En route pour la gloire

Vincent Darleme

 

Première partie

Un stage de fin d’étude aboutit souvent, quand on s’y prend bien, sur une offre d’emploi.

On me l’avait rappelé lors de mon entretien final chez Storm & Spray, entreprise leader de l’insecticide : « Ici on ne recrute pas en pensant que vous nous quitterez dans six mois. Vous faites partie de ce qu’on appelle les jeunes talents et nous souhaitons construire quelque chose avec vous. »

En tant qu’analyste marketing, je réalisais des études de consommation sur les produits destinés aux insectes volants. Je m’occupais uniquement de la gamme guêpes, mouches et moustiques. Les « volants », comme on les appelait, c’était le summum pour un stage chez Storm & Spray. Car les volants sont majoritairement perçus comme plus dangereux et moins répugnants que les rampants. Des insectes nobles, presque. Annoncer que l’on travaillait dans la division des volants était la meilleure manière d’attirer à soi un apriori positif. À l’inverse, ceux qui œuvraient pour les rampants évitaient de le mentionner directement dans la conversation.

J’adorais ce métier d’analyste et en l’espace de quelques mois j’étais devenu relativement compétent sur les tendances de marché, pour ne pas dire incollable. Quelles ventes pour les attrape-mouches au mois de Juin ? Dans quels magasins se vendaient le mieux les anti-moustiques ? Quelles innovations sur le marché des aérosols 600mL ? Aussi insolites que pouvaient être les questions, j’apportais clarté et précision dans mes réponses. J’étudiais les problématiques de A à Z et vérifiais à deux fois avant d’avancer quoi que ce soit. Je commençais à être estimé pour la qualité de mon travail. En quelques semaines j’avais obtenu confiance et légitimité auprès de toute l’équipe.

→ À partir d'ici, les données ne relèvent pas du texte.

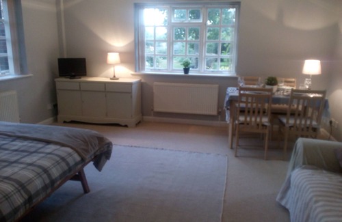 The studio is set within a larger property and gardens. It is a self contained annex with separate entrance. As stated in the title, it is a studio and therefore does not have a separate bedroom, however It has a large living space, ideally for a couple but has a sofabed can accommodate up to 4 people. There is a fully equipped kitchen and a separate shower room/wc. It is ideal for walkers, with many footpaths in the area and the Greensand Way adjoins the property. There is ample off road parking and Pluckley railway station is less than a mile away. For those coming by train, a collection service can be arranged for a small fee. There is a TV and free access to wifi. The property can be rented out for a minimum of 2 nights.

Cela me valut le droit d’élaborer des recommandations, de creuser des investigations sur les différents leviers de développement. Je réfléchissais à l’avenir de notre gamme, à ce que nous pouvions améliorer l’année suivante et l’année d’après encore. De simple stagiaire censé assurer du reporting de base j’étais devenu un maillon de la division marketing, statut impensable avant de commencer. J’eus même l’honneur de présenter au comité stratégique une analyse sur le potentiel des anti-guêpes en présaison. Pour tout cela je redoublais d’efforts. C’était pour mon bien, je progressais, je le sentais. Je ne comptais plus mon temps passé dans l’entreprise. Je dépassais allégrement les 35 heures dans l’optique d’achever mon travail dans les délais. Je restais plus longtemps au bureau que certains employés. J’avais tous les atouts pour rester à mon poste.

Trois semaines avant la fin, la responsable rh de Storm & Spray me convoqua à son bureau :

– Vous avez des qualités indéniables pour ce poste, m’avança-t-elle, malheureusement nous ne recrutons pas en ce moment.

Storm & Spray n’avait plus envie de « construire quelque chose » avec moi. Les plans de l’entreprise avaient changé.